You’ll notice that most of these are descriptive, not literal examples. You should try either approach; this one is a mix of the two. The balance is being general enough that the LLM can recognize the overall pattern and specific enough that it doesn’t give you additional information you don’t want.

Finally, here’s my user prompt:

Extract all Tangible Gifts contained in the following text into individual JSON objects based on this example: {example} {text}

Each time I insert the example and the text of the PDF I’m working with.

It Works! (Mostly)

Mostly, this approach worked for me, but sometimes Claude ignored my instructions by giving me introductory text like Here are the JSON objects for the Tangible Gifts extracted from the provided text: before listing the data. I spent time trying to tweak the prompts to get it not to do this, but couldn’t prevent it all the time. In the end, I declared victory and removed the extra text manually. It’s not perfect, but it saved me a LOT of time.

How do I know it (mostly) worked? I conducted spot-checks on every file, comparing the results to originals. Consider this the fact-checking portion of the reporting process. It’s very easy to be so impressed by an LLM’s abilities that you implicitly trust its output. DON’T DO THIS. Trust your reporter instincts, not a machine, and verify.

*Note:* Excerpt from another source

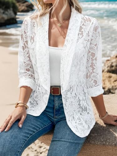 More information about WDIRARA Women's Lace Open Front Long Sleeve Sheer Elegant Casual Blazer Jacket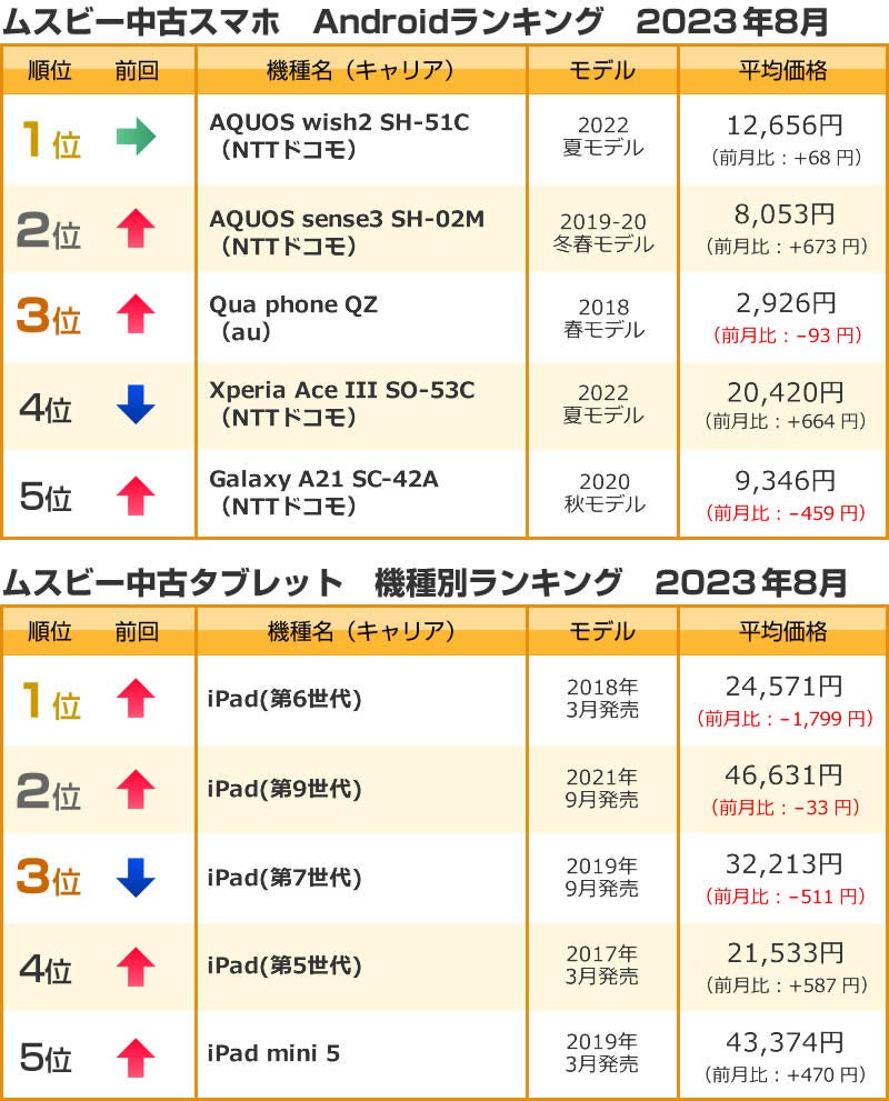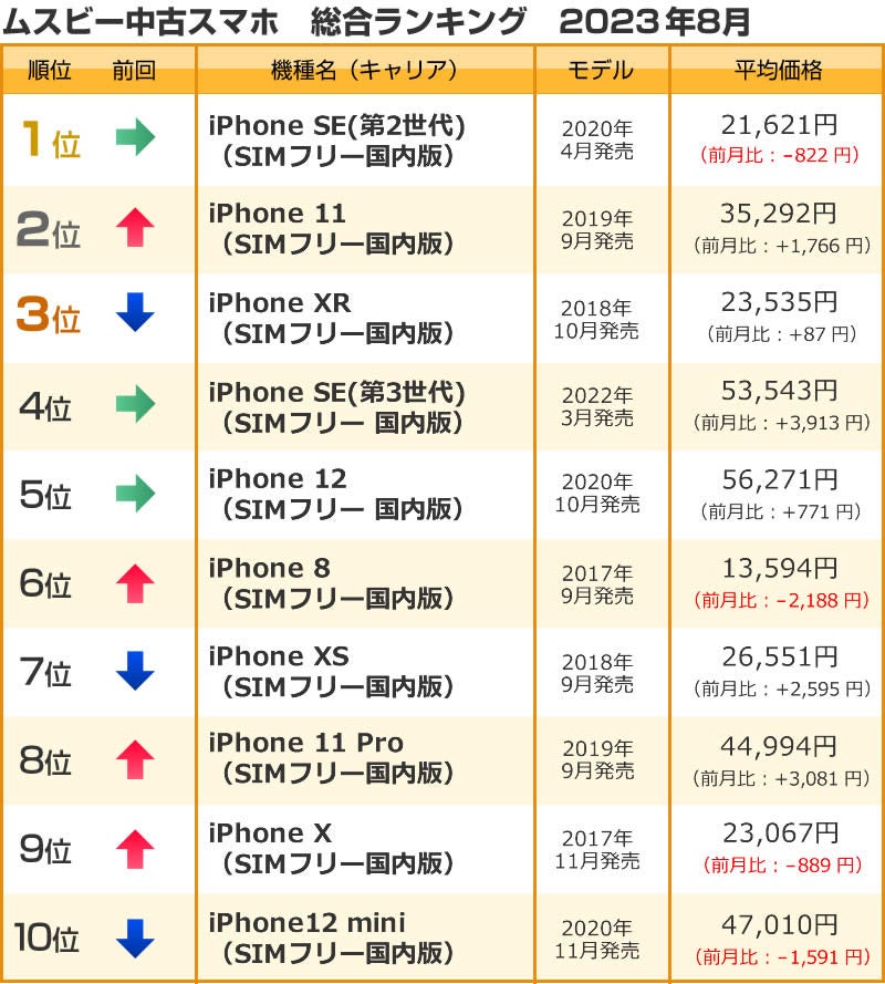 ムスビー/2023年8月の中古スマホ取引数ランキング

I ended up doing a couple of more extraction tasks on the JSON it produced so that I could have more granular data (separate names and titles, for example). In all, it took me a few hours and cost about $10 to do this via Claude’s API - most of that was tweaking the prompt to get better results. Here’s what the final product looks like:

Final output

The actual data file is here. Next year, when the federal government publishes its latest update of these gifts, I can grab that PDF, turn it into text and extract the data. It might take me 10 minutes to clean things up, and then I’ll have even more data. You can see all of the scripts and data here.

You may not need a full pipeline like this. You might just need to work on a single PDF or text file. Don’t let that stop you from trying out these tools. Find the process that works for you. Oh, and the title of this post and my repository? Yeah, that’s intentional. Consider it my gift to you.